WHAT THE EXERCISE ASKS:
The full listing, minus its pictures, should be printed again exactly as it stands.

DATA:

>>>

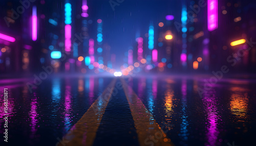 Futuristic rainy road glowing with neon signs and misty atmosphere
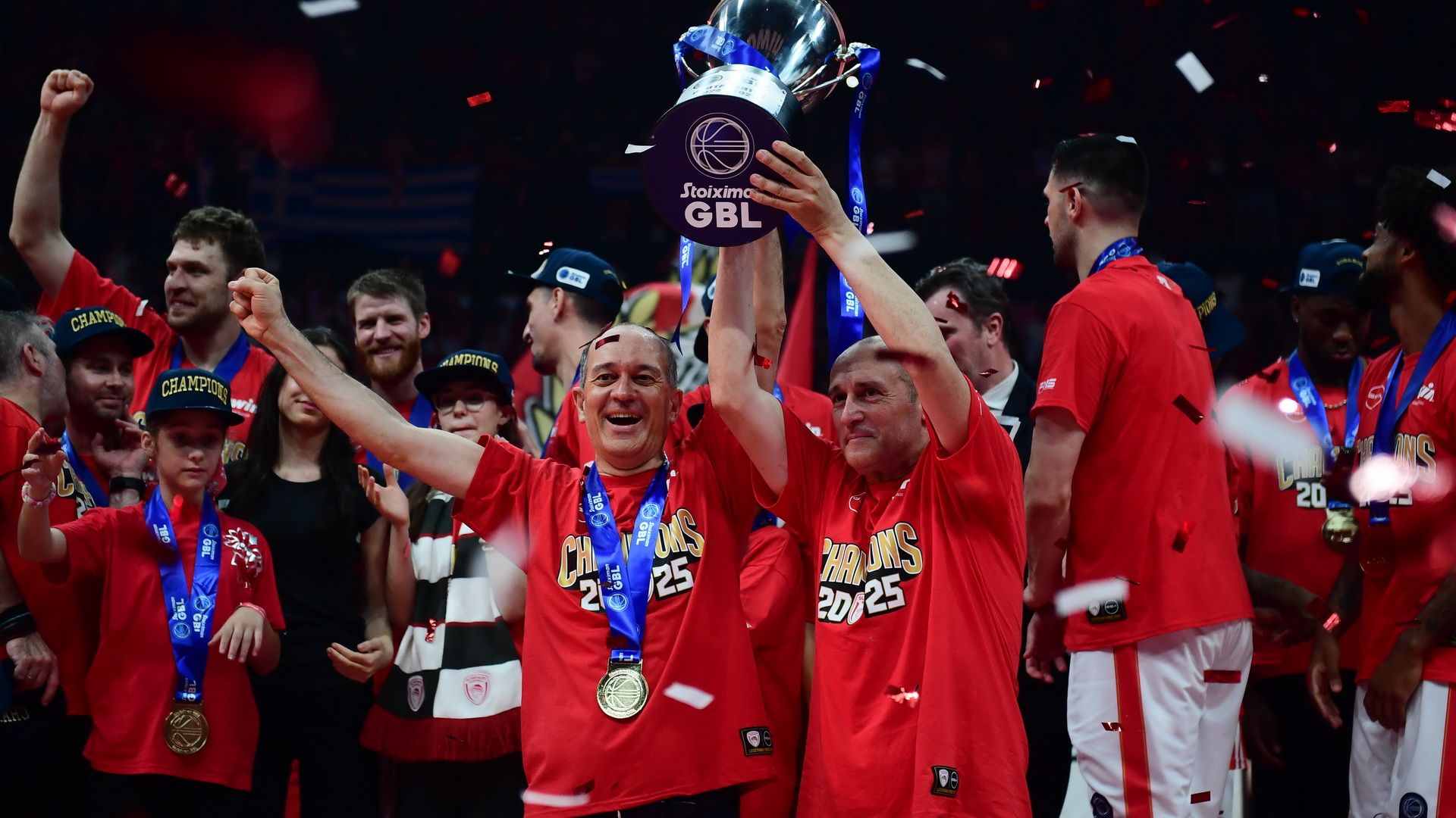 Ο Ολυμπιακός το βράδυ της Κυριακής νίκησε τον Παναθηναικό και στέφθηκε πρωταθλητής Ελλάδας για την σεζόν 2024-2025, με τους ισχυρούς άνδρες της ΚΑΕ Παναγιώτη και Γιώργο Αγγελόπουλο να το πανηγυρίζουν δεόντως.
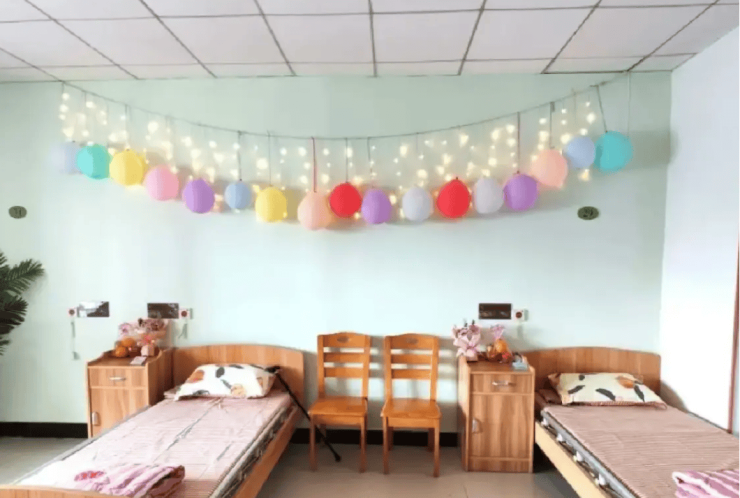 家具配置:环保材料制作,边角圆润处理;独立卫生间配备L型扶手、恒温花洒及折叠座椅;床头设置紧急呼叫装置,确保紧急情况快速响应。
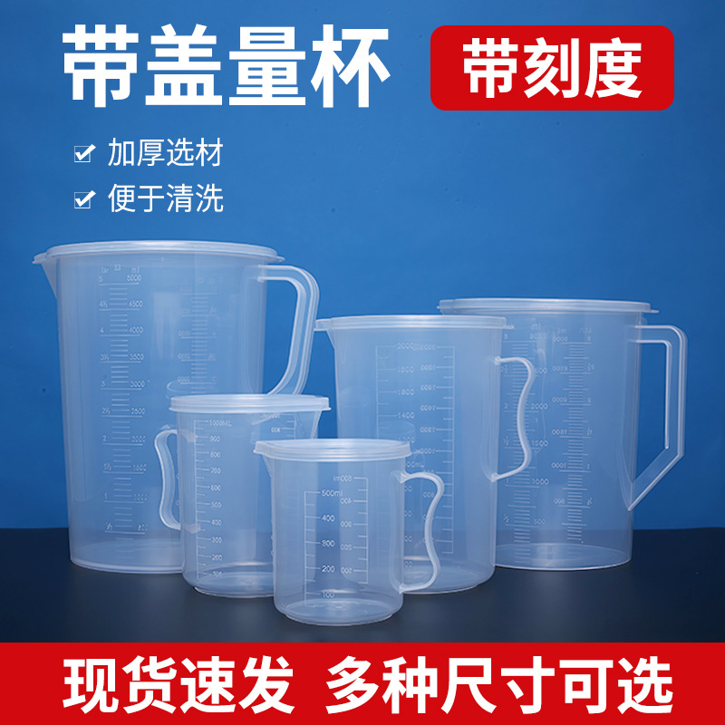 塑料透明清晰量杯实验室计量杯量桶2000ml透明奶茶商用带盖量杯

<<<

EXERCISE OUTPUT:
 Futuristic rainy road glowing with neon signs and misty atmosphere
 Ο Ολυμπιακός το βράδυ της Κυριακής νίκησε τον Παναθηναικό και στέφθηκε πρωταθλητής Ελλάδας για την σεζόν 2024-2025, με τους ισχυρούς άνδρες της ΚΑΕ Παναγιώτη και Γιώργο Αγγελόπουλο να το πανηγυρίζουν δεόντως.
 家具配置:环保材料制作,边角圆润处理;独立卫生间配备L型扶手、恒温花洒及折叠座椅;床头设置紧急呼叫装置,确保紧急情况快速响应。
 塑料透明清晰量杯实验室计量杯量桶2000ml透明奶茶商用带盖量杯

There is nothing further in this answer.